Limitations & Future Work¶
- Training at fixed PPP=3.5 limits robustness in ultra-low light (PPP≤1); using PPP as an explicit conditioning signal may improve generalization.
- Pre-trained VAE decoder's 8-bit output limits native SPAD HDR capabilities; HDR-capable decoders are a future direction.
- Video-level diffusion priors could further enhance temporal consistency beyond what Stage 3 currently achieves.
- Stage 3 depends on RAFT flow; implicit alignment in latent space could be explored for extreme motion.
Related Work & Insights¶
- vs QBP: QBP uses a classic align-and-merge pipeline. gQIR generalizes this to latent space and replaces simple averaging with FusionViT, showing a +17.5 dB gain in extreme motion.

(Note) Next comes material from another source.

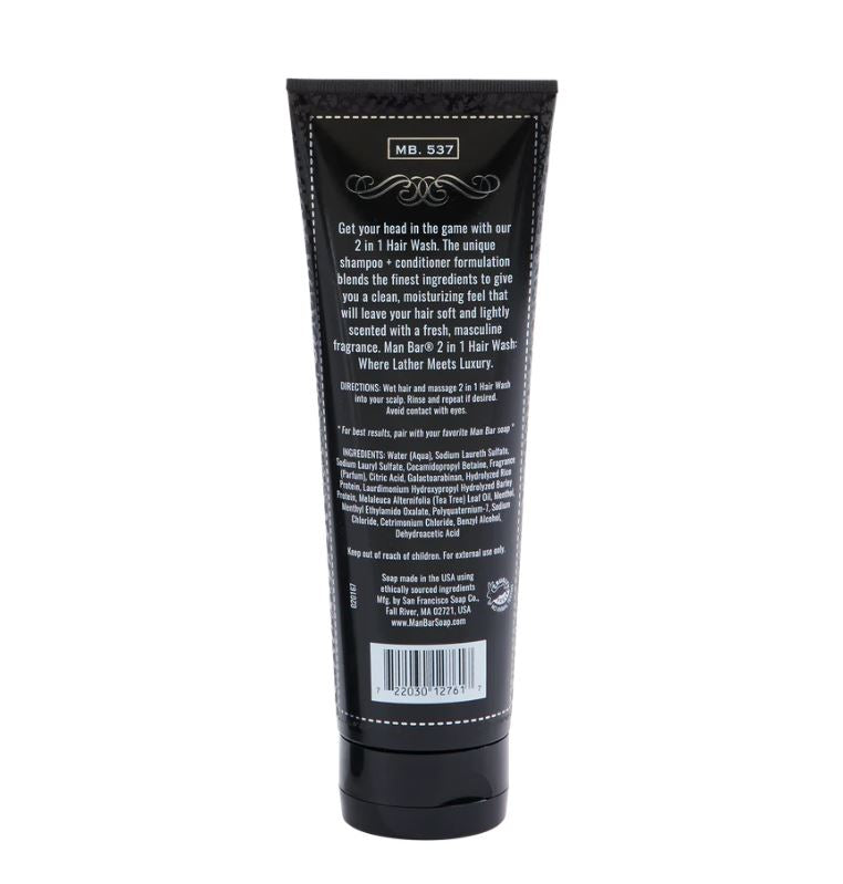 Get your head in the game with our 2-in-1 Hair Wash. The unique shampoo + conditioner formulation blends the finest ingredients to give you a clean, moisturizing feel that will leave your hair soft and lightly scented with a fresh, masculine fragrance. Man Bar 2-in-1 Hair Wash – Where Lather Meets Luxury.

- vs QUIVER/QuDI: These task-specific models do not utilize pre-trained generative priors. gQIR outperforms QuDI by +2.17 dB on I2-2000fps.
- vs SUPIR/DiffBIR: These fail under Bernoulli noise. gQIR’s LSA loss + frozen encoder target is a critical modification for extreme quanta noise.
- The decoupled training approach is transferable to other non-standard sensor restoration tasks (e.g., event cameras, quantum sensors).
Rating¶
- Novelty: ⭐⭐⭐⭐ First to adapt T2I diffusion to quanta imaging, solving the key encoder collapse problem.
- Experimental Thoroughness: ⭐⭐⭐⭐ Comprehensive evaluation across synthetic/real data, single/burst modes, and various fps levels.
- Writing Quality: ⭐⭐⭐⭐ Clear motivation and physical modeling; intuitive visualization of encoder collapse.
- Value: ⭐⭐⭐⭐ Opens a new direction for generative priors in computational imaging; code and datasets are open-sourced.